Presented at DAC 2025
Is it even possible to design serious ASICs without expensive tooling?
For some definitions of serious, sure. The main critical piece that’s missing is all the testing infrastructure. Buying 100 or so ASICs for university use is one thing. Buying 100K, or more, is another.
Not the gdb support via jtag that software engineers need, they have that. But the various manufacturing test suites, which do modify gate netlists, and automated circuit characterization techniques that electrical engineers and the manufacturing engineers use.
From the slides, they are reducing the gap, it's not there yet.
But I was actually pleasantly surprised by how close they are.

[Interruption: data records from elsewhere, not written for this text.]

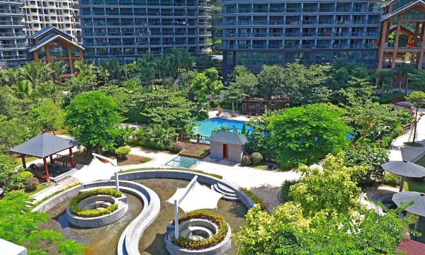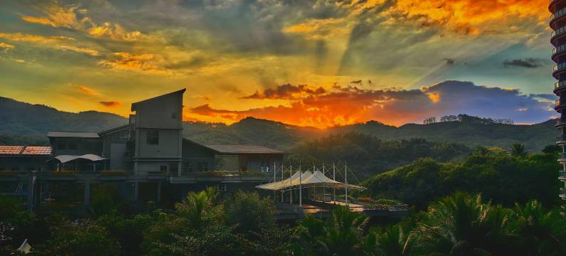 酒店位于五指山市澜湖路1号,仁帝山国家雨林康养基地内,基地总占地1.2万亩,建筑面积35万平方。
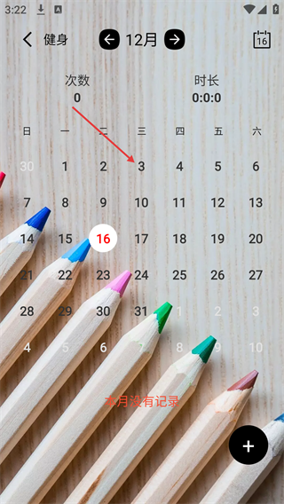 3、选择【健身】项目后进入对应的日历页面,页面会显示【本月没有记录】,此时可选择具体日期,为记录该日期的健身运动数据做准备。
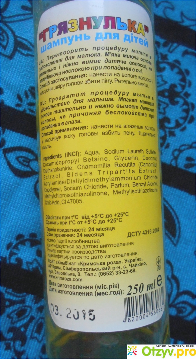 Если глянуть на обратную сторону пузырька, то можно почитать много интересной информации- о самом шапуне Грязнулька, о его составе, найти контакты производителя, срок годности и другое. Меня порадовала фраза о безопасном мытье волос даже при попадании в глаза, но немного расстроил состав.

Sure, as long as you stick to digital and purchased IP.
If you can get a "library" from somewhere (like the one Google released from Skywater), then you can use static timing analysis on the interconnect between the library blocks. Performance metrics will all be mediocre, but it will be relatively quick to design and cheap to produce if you have sufficient volumes. This is why so many of the RISC-V processor implementations suck.
If you want to design analog, RF, or high-speed, then the expensive tooling is required. You need especially need DRC and extraction (parasitics from passives, transistor numbers, etc.) for proper analysis and design.